Available data:
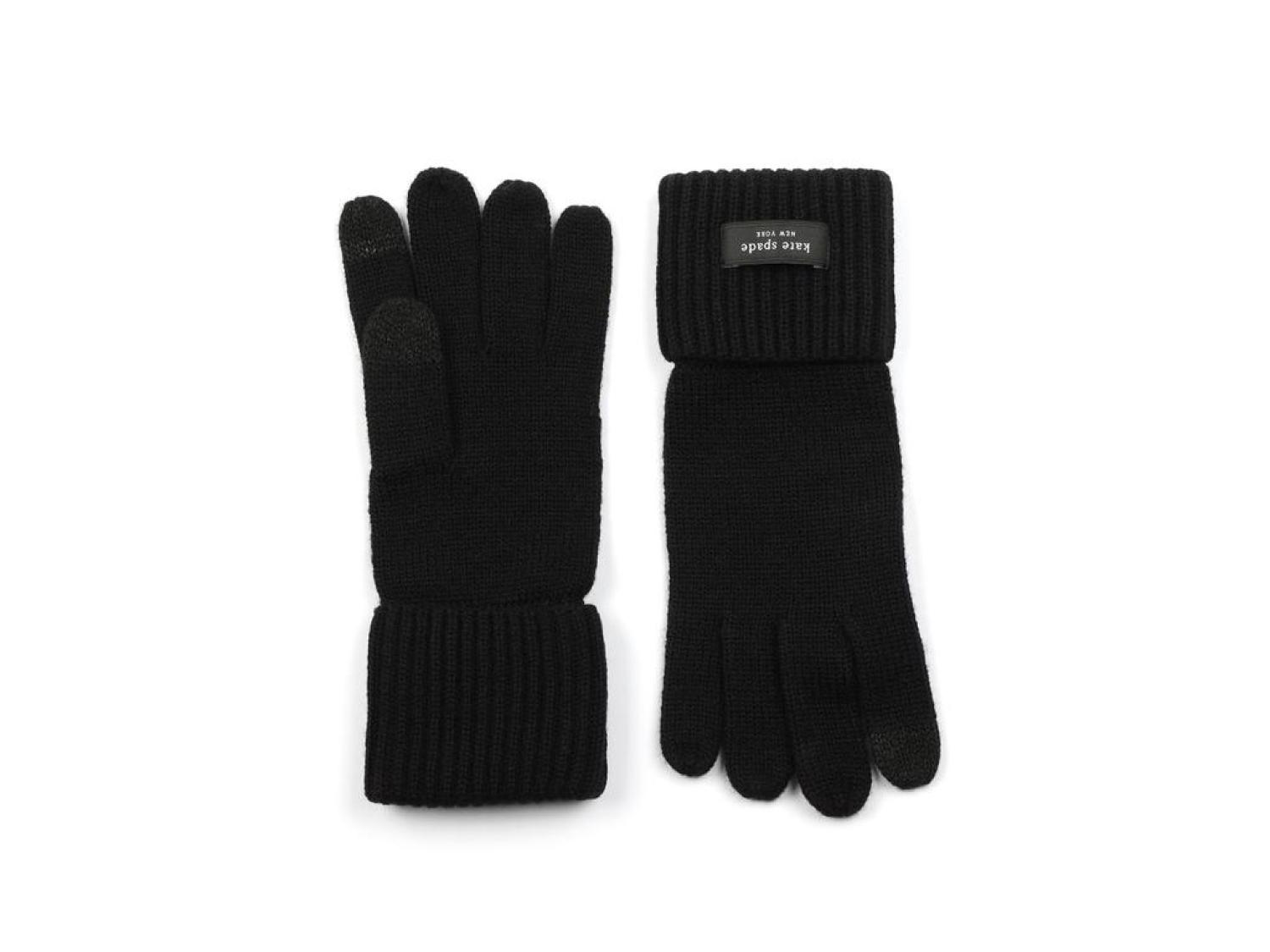 The primary materials that compose this product contain a minimum of 20 percent recycled content. Cover your fingers and feel cozy comfort throughout the day wearing the Kate Spade New York® Sam Label Knit Gloves. The gloves come in a knit construction and feature a rolled-over ribbed cuff and spade logo patch for authenticity. Touch tip. 25% recycled acrylic, 45% acrylic, 30% wool. Machine washable. Imported.
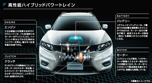 นิสสัน เผยเทคโนโลยีไฮบริดใน Nissan X-trail Hybrid ครั้งแรกในประเทศไทยให้บรรดาแฟนๆ ได้ยลโฉมก่อน Motor Expo 2015 โดยรูปลักษณ์ภายนอกและภายในใช้พื้นฐานเดียวกับรุ่นเครื่องยนต์สันดาปที่มีขายอยู่ในปัจจุบัน อาจแตกต่างกันในรายละเอียดบางจุด แต่สิ่งที่โดดเด่นก็คือ เครื่องยนต์ MR20DD 4 สูบ ความจุ 2.0 ลิตร 147 แรงม้า ผสานกับระบบมอเตอร์ไฟฟ้าขนาด 41 แรงม้า ผ่านชุดส่งกำลังแบบใหม่แทนที่ CVT นั่นคือ "Intelligent Dual Clutch" ระบบคลัตช์คู่ที่ทำงานได้ฉลาดและฉับไว ส่วนแบตเตอรี่เป็นแบบ "lithium-ion" พร้อมฟังก์ชันชาร์จเร็ว และมีอัตราสิ้นเปลืองที่เคลมจากโรงงานที่ประเทศญี่ปุ่นอยู่ที่ 20.6 กิโลเมตรต่อลิตร
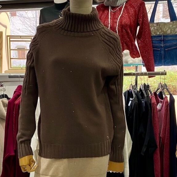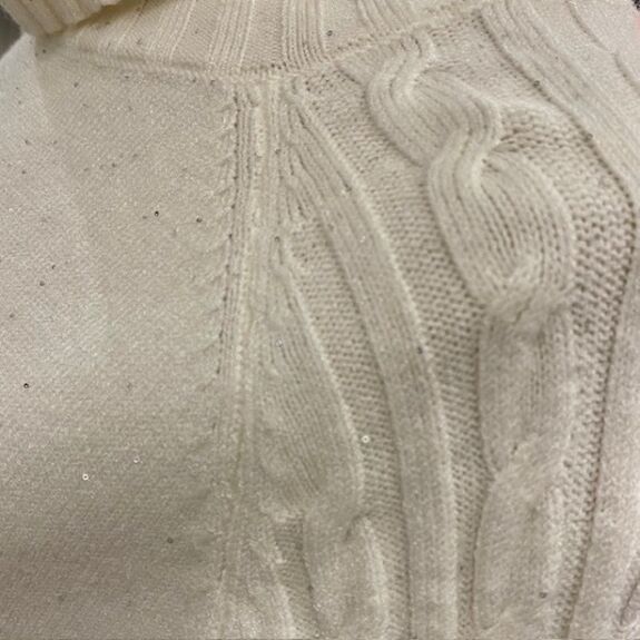 Le col roulé bien structuré enveloppe le cou avec élégance, tandis que de subtils sequins brillants viennent illuminer la maille sans en faire trop.

Your instructions: The whole listing should be restated word for word, with no pictures.

Answer to the exercise:
 The primary materials that compose this product contain a minimum of 20 percent recycled content. Cover your fingers and feel cozy comfort throughout the day wearing the Kate Spade New York® Sam Label Knit Gloves. The gloves come in a knit construction and feature a rolled-over ribbed cuff and spade logo patch for authenticity. Touch tip. 25% recycled acrylic, 45% acrylic, 30% wool. Machine washable. Imported.
 นิสสัน เผยเทคโนโลยีไฮบริดใน Nissan X-trail Hybrid ครั้งแรกในประเทศไทยให้บรรดาแฟนๆ ได้ยลโฉมก่อน Motor Expo 2015 โดยรูปลักษณ์ภายนอกและภายในใช้พื้นฐานเดียวกับรุ่นเครื่องยนต์สันดาปที่มีขายอยู่ในปัจจุบัน อาจแตกต่างกันในรายละเอียดบางจุด แต่สิ่งที่โดดเด่นก็คือ เครื่องยนต์ MR20DD 4 สูบ ความจุ 2.0 ลิตร 147 แรงม้า ผสานกับระบบมอเตอร์ไฟฟ้าขนาด 41 แรงม้า ผ่านชุดส่งกำลังแบบใหม่แทนที่ CVT นั่นคือ "Intelligent Dual Clutch" ระบบคลัตช์คู่ที่ทำงานได้ฉลาดและฉับไว ส่วนแบตเตอรี่เป็นแบบ "lithium-ion" พร้อมฟังก์ชันชาร์จเร็ว และมีอัตราสิ้นเปลืองที่เคลมจากโรงงานที่ประเทศญี่ปุ่นอยู่ที่ 20.6 กิโลเมตรต่อลิตร
 Le col roulé bien structuré enveloppe le cou avec élégance, tandis que de subtils sequins brillants viennent illuminer la maille sans en faire trop.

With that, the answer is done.